Department of Radiology, West China Hospital, Sichuan University, 37# Guo Xue Xiang, Chengdu, 610041, Sichuan, China.
Department of Radiology, Key Laboratory of Birth Defects and Related Diseases of Women and Children of Ministry of Education, West China Second University Hospital, Sichuan University, Chengdu, Sichuan, China.
Cardiovasc Diabetol. 2023 Mar 11;22(1):55. doi: 10.1186/s12933-023-01785-9.
Diabetes mellitus (DM) is considered a major risk factor for myocardial infarction (MI), and MI patients with DM have a poor prognosis. Accordingly, we aimed to investigate the additive effects of DM on LV deformation in patients after acute MI.
One hundred thirteen MI patients without DM [MI (DM-)], 95 with DM [MI (DM+)] and 71 control subjects who underwent CMRscanning were included. LV function, infarct size and LV global peak strains in the radial, circumferential and longitudinal directions were measured. MI (DM+) patients were divided into two subgroups based on the HbA1c level (< 7.0% and ≥ 7.0%). The determinants of reduced LV global myocardial strain for all MI patients and MI (DM+) patients were assessed using multivariable linear regression analyses.
Compared with control subjects, both MI (DM-) and MI (DM+) patients presented higher LV end-diastolic and end-systolic volume index and lower LV ejection fraction. LV global peak strains progressively declined from the control group to the MI(DM-) group to the MI(DM+) group (all p < 0.05). Subgroup analysis showed that LV global radial PS and longitudinal PS were worse in MI(MD+) patients with poor glycemic control than in those with good glycemic control (all p < 0.05). DM was an independent determinant of impaired LV global peak strain in radial, circumferential and longitudinal directions in patients after acute MI (β = - 0.166, 0.164 and 0.262, both p < 0.05). The HbA1c level was independently associated with a decreased LV global radial PS (β = - 0.209, p = 0.025) and longitudinal PS (β = 0.221, p = 0.010) in MI (DM+) patients.

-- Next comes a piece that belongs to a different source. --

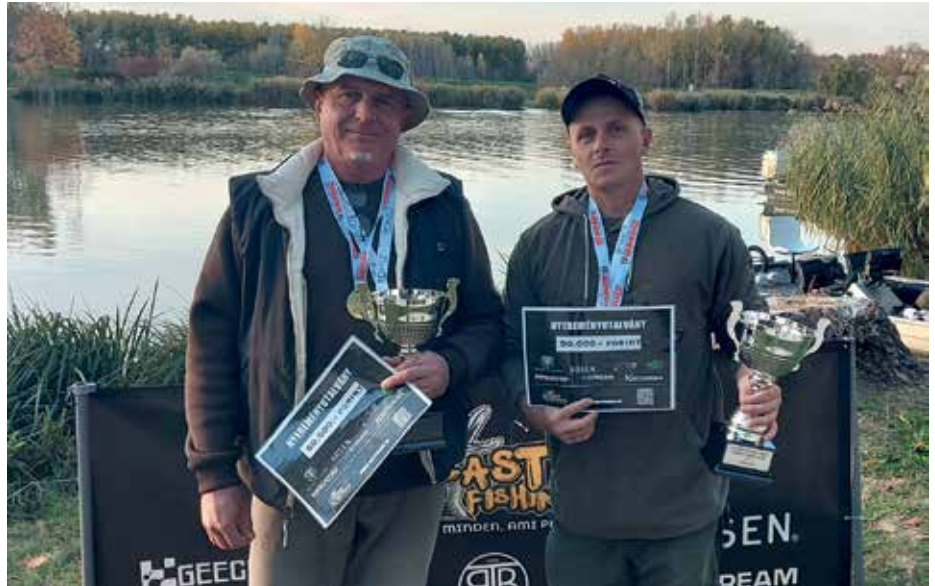
A győztes páros

A taktikánk a csukákra alapozott, mert minden centi számít, és bíztunk benne, hogy sikerül néhányat becsapni a körforgókkal a partmentén, de ha nem, akkor a kőszüllőkből minden bizonnyal össze tudunk fogni néhány
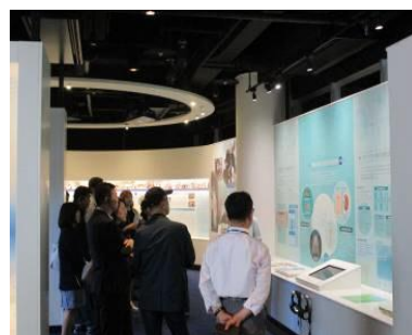
Itai-Itai өвчин музей байдал

DM has an additive deleterious effect on LV function and deformation in patients after acute MI, and HbA1c was independently associated with impaired LV myocardial strain.
糖尿病(DM)被认为是心肌梗死(MI)的主要危险因素,患有 DM 的 MI 患者预后不良。因此,我们旨在研究 DM 对急性 MI 后 LV 变形的附加影响。
纳入 113 例无 DM 的 MI 患者[MI(DM-)]、95 例有 DM 的 MI 患者[MI(DM+)]和 71 例接受 CMR 扫描的对照受试者。测量 LV 功能、梗死面积和 LV 径向、环向和纵向方向的整体峰值应变。根据 HbA1c 水平(<7.0% 和≥7.0%),将 MI(DM+)患者分为两个亚组。使用多变量线性回归分析评估所有 MI 患者和 MI(DM+)患者的 LV 整体心肌应变降低的决定因素。
与对照受试者相比,MI(DM-)和 MI(DM+)患者的 LV 舒张末期和收缩末期容积指数更高,LV 射血分数更低。LV 整体峰值应变从对照组逐渐下降至 MI(DM-)组再至 MI(DM+)组(均 p<0.05)。亚组分析显示,血糖控制不佳的 MI(DM+)患者的 LV 整体径向 PS 和纵向 PS 均较血糖控制良好的患者差(均 p<0.05)。DM 是急性 MI 后患者 LV 整体峰值应变在径向、环向和纵向方向受损的独立决定因素(β=-0.166、0.164 和 0.262,均 p<0.05)。HbA1c 水平与 MI(DM+)患者 LV 整体径向 PS(β=-0.209,p=0.025)和纵向 PS(β=0.221,p=0.010)降低独立相关。
DM 对急性 MI 后患者的 LV 功能和变形具有附加的有害影响,HbA1c 与 LV 心肌应变受损独立相关。